BookmarkSubscribeRSS Feed
🔒 This topic is solved and locked. Need further help from the community? Please sign in and ask a new question.
odesh
Quartz | Level 8

Hello,

Please refer to the attached question. 

I am not sure what the suggested answer means by "SORT BY provides reducer level sorting instead of job level sorting".

 

I know what ORDER BY means in the context of PROC SQL and DBMS's in general.

 

Thanks.

Odesh.

 

1 ACCEPTED SOLUTION

Accepted Solutions
Patrick
Opal | Level 21

@odesh wrote:
JUst making sure that I understand the difference between ORDER BY and SORT
BY in HIveQL:

1. ORDER BY sorts the entire result set ( which can be be very resource
intensive with a large result set)
2. SORT BY sorts within each reducer which should be more efficient in
terms of processing time.

Am I correct ?

Thanks.
Odesh.

 

@odesh 

Yes, that's how I understand what's explained under the links I've posted earlier.

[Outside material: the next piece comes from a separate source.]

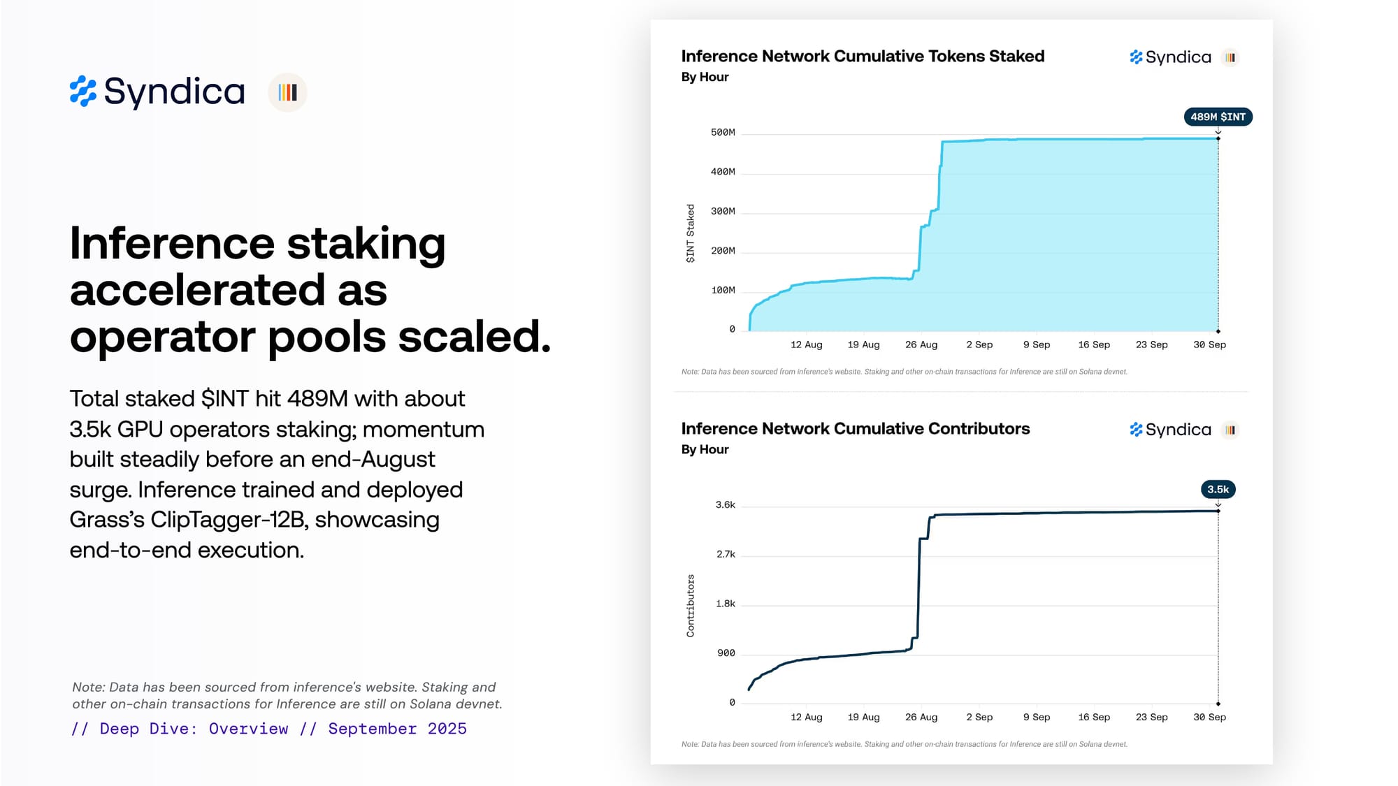 随着运营者池规模的扩大,Inference 质押加速。总质押的 $INT 达到 4.89 亿,约有 3500 个 GPU 运营者进行质押;在 8 月底激增之前,势头稳步增长。Inference 训练并部署了 Grass 的 ClipTagger-12B,展示了端到端的执行。

View solution in original post

5 REPLIES 5
Patrick
Opal | Level 21

This is not SAS but Hive SQL syntax and you would need to ask such a question in a Hadoop/Hive forum. But Googling a bit here what's documented.

 

Difference between Sort By and Order By
Hive supports SORT BY which sorts the data per reducer. The difference between "order by" and "sort by" is that the former guarantees total order in the output while the latter only guarantees ordering of the rows within a reducer. If there are more than one reducer, "sort by" may give partially ordered final results.

 

As far as I understand things Hive SQL gets translated into MapReduce for execution. It appears that Hive Sort By and Order By will result in different MapReduce code logic.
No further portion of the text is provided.